Während er das sagt, schallt aus den Boxen „Also sprach Zarathustra“. Da spricht ein Kenner. Reiter outet sich als großer Science-Fiction-Fan. „Ich versuche natürlich, die Beziehung zu dem, was im Film gezeigt wird, und was wirklich und möglich ist, herzustellen“, erklärt er. „Deshalb gehen auch meine Nachbarn gern mit mir in Science-Fiction-Filme, weil ich dann der technische Berater bin“, sagt er.

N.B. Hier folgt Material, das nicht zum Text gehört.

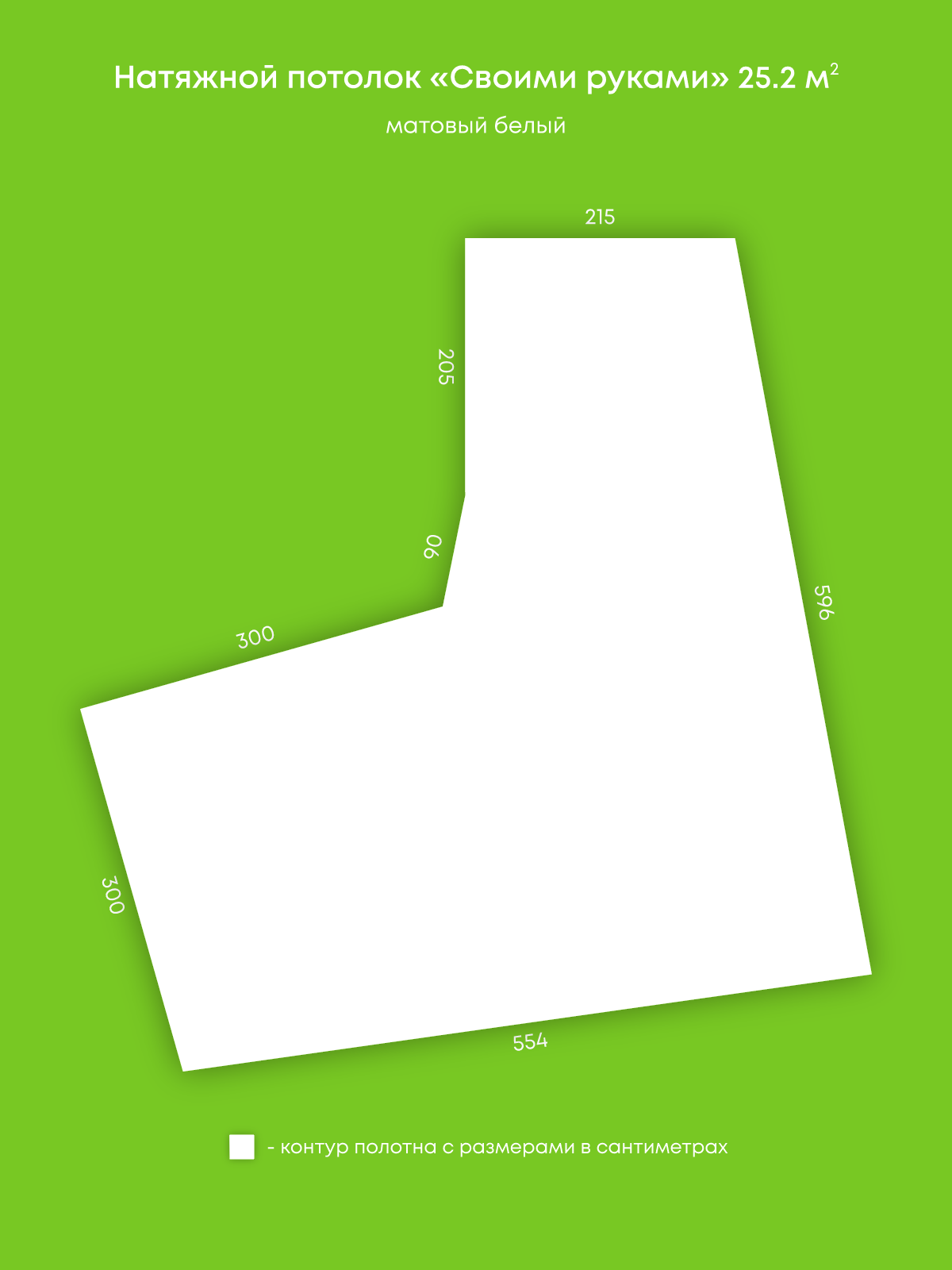 Натяжной потолок белый матовый, изготовленный по индивидуальным размерам покупателя, для помещения площадью 25.2 м2

War „2001 – Odyssee im Weltraum“ ein Grund für Reiters Entschluss, selbst Astronaut zu werden? „Nein, das kann man so nicht sagen“, betont Reiter, der gerade 60 Jahre alt geworden ist. „1968, ein Jahr vor der Mondlandung also, waren sowieso alle auf Raumfahrt fokussiert.“ So auch der kleine Thomas, der damals alles verschlang, was da so passierte mit den Missionen ins Weltall. „Ich war zehn Jahre alt, als ich den Film zum ersten Mal gesehen habe.“ Gemeinhin hätten die Menschen damals gedacht, dass das die mittelfristige Zukunft sein würde. „Aber es ist alles ganz anders gekommen.“

Doch eins ist für Reiter klar: „Ich bin allein aus statistischen Gründen davon überzeugt, dass es außerirdische Lebensformen gibt. Ich kann mir einfach nicht vorstellen, dass in wir in dieser Unendlichkeit tatsächlich die Einzigen sind. Aber der Beweis steht noch aus.“

An sein erstes Mal mit „2001“ kann sich Thomas Reiter noch sehr gut erinnern. „Es war hier in Frankfurt im Theater Royal. Mein Vater hatte mich mitgenommen.“ Das vorerste letzte Mal sah er den Kultfilm im Februar an. Und er wird ihn wieder sehen.